----- Data records -----

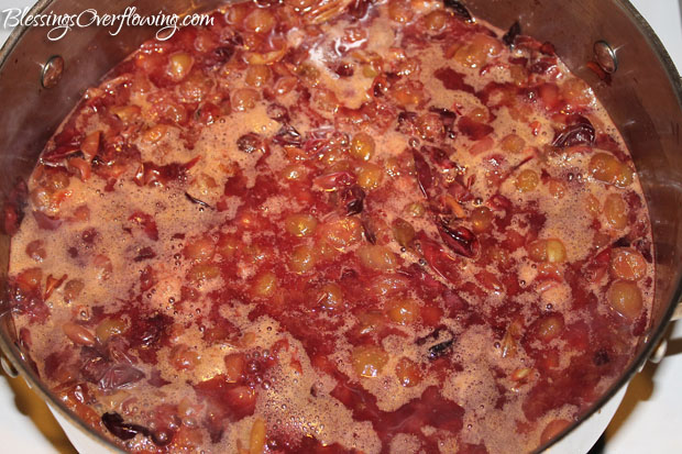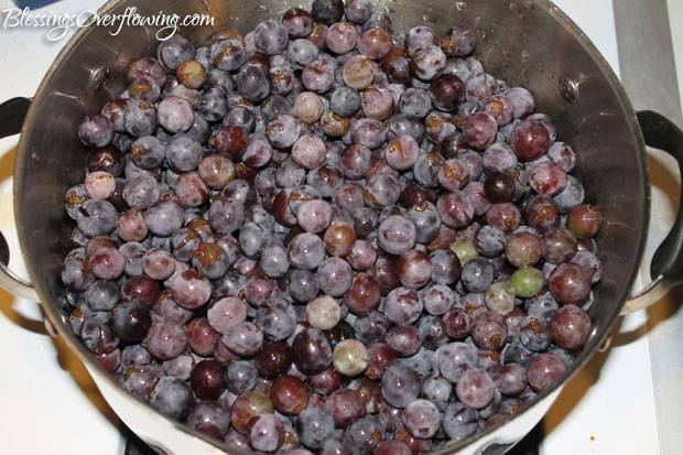 Look at how pretty those grapes are! First, I washed the grapes and then put them in a pan. Then I added about 1 cup of water to the pan. I didn’t measure how many grapes I had to get a perfect water to grape ratio. I was winging it.
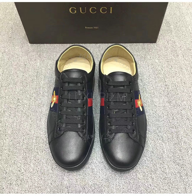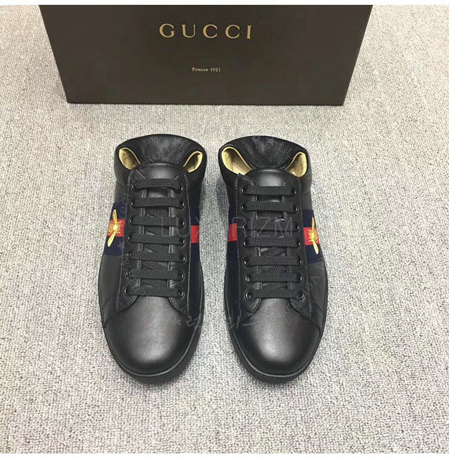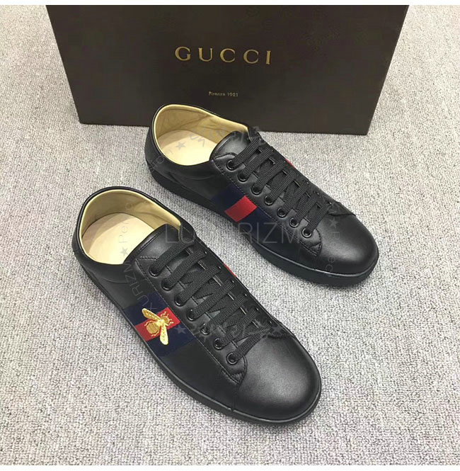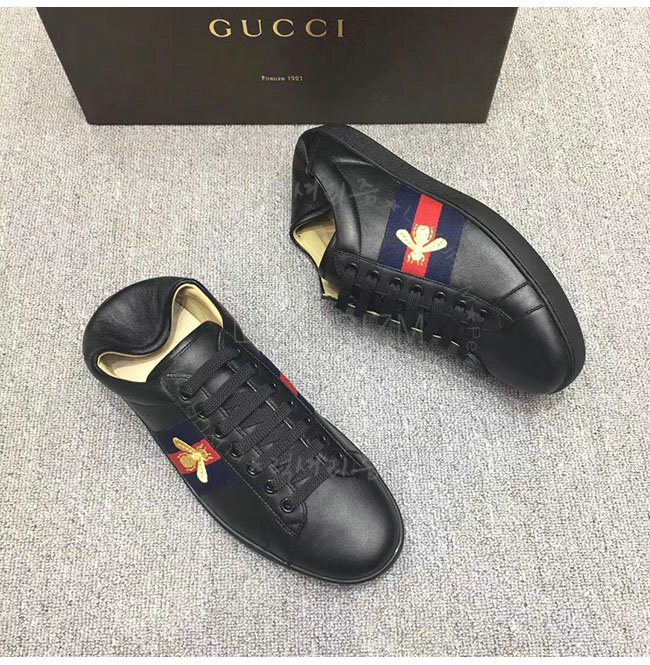 GUCCI-473762 1066 구찌 에이스 블랙 송아지가죽 로우탑 스니커즈 남성용
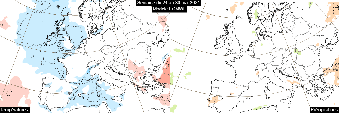 Anomalies de températures et de précipitations durant la semaine du 17 au 23 mai 2021 – Modèle ECMWF
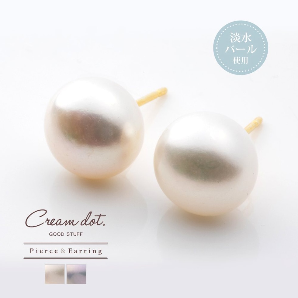 ピアス イヤリング 金属アレルギー ニッケルフリー レディース スタッド 淡水パール 一粒パール グレー cream dot ゆうパケット [ホワイト_イヤリング]
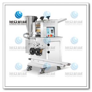 旭眾牌JGB-180型仿手工餃子機是我公司開發(fā)生產(chǎn)的先進的自動餃子生產(chǎn)設(shè)備。設(shè)備包括主動壓皮部分、自動供餡部分、自動包合成型部分、自動成品輸送部分,并且只要更換模具,就可制鍋貼等食品。
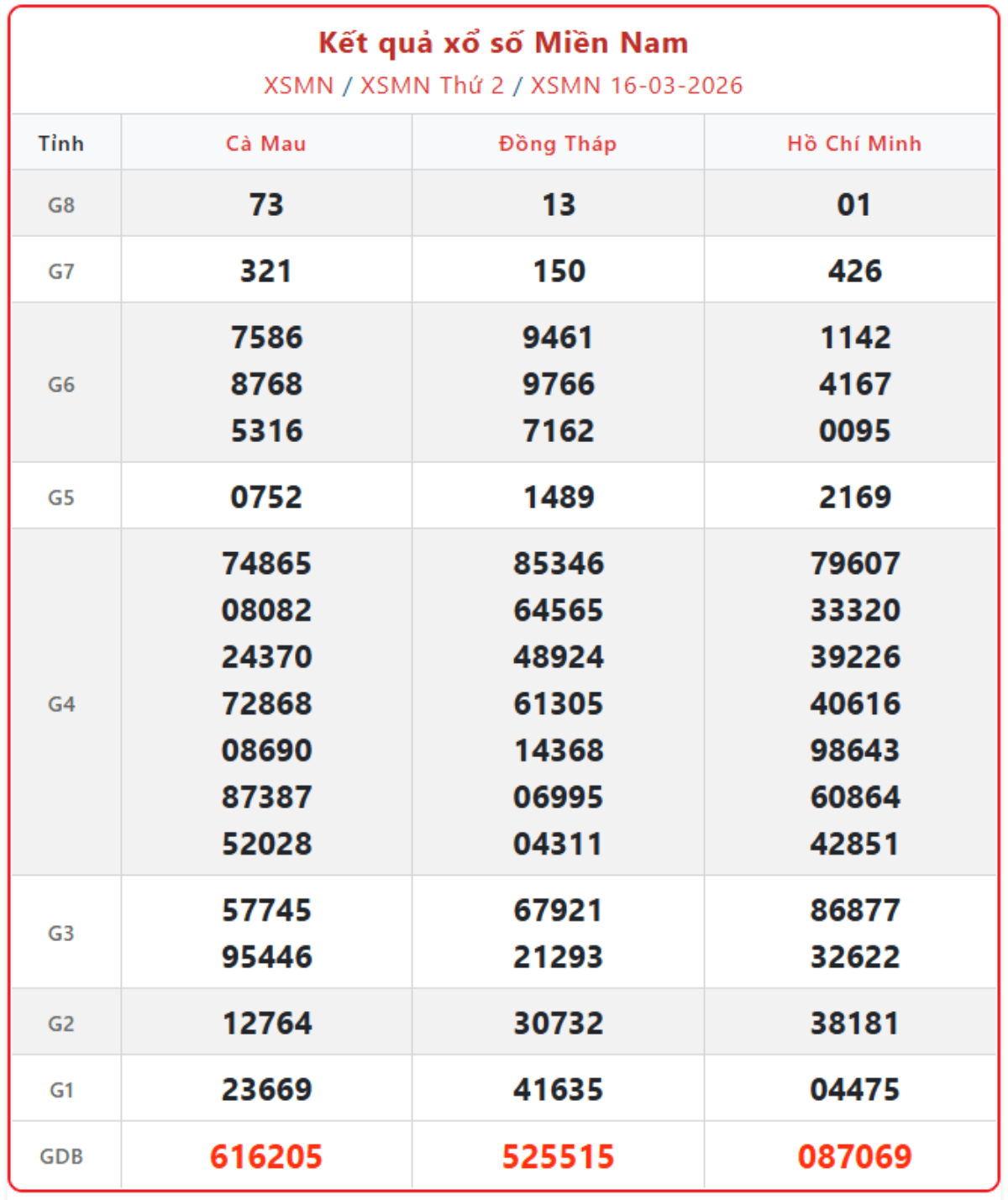 XSMN 16/3, kết quả xổ số miền Nam (KQXSMN) ngày 16/3/2026.

-----

The line with "Anomalies de températures" ends the range, and the first line of the data begins it; repeat exactly those lines and nothing more, omitting pictures.

 Look at how pretty those grapes are! First, I washed the grapes and then put them in a pan. Then I added about 1 cup of water to the pan. I didn’t measure how many grapes I had to get a perfect water to grape ratio. I was winging it.
 GUCCI-473762 1066 구찌 에이스 블랙 송아지가죽 로우탑 스니커즈 남성용
 Anomalies de températures et de précipitations durant la semaine du 17 au 23 mai 2021 – Modèle ECMWF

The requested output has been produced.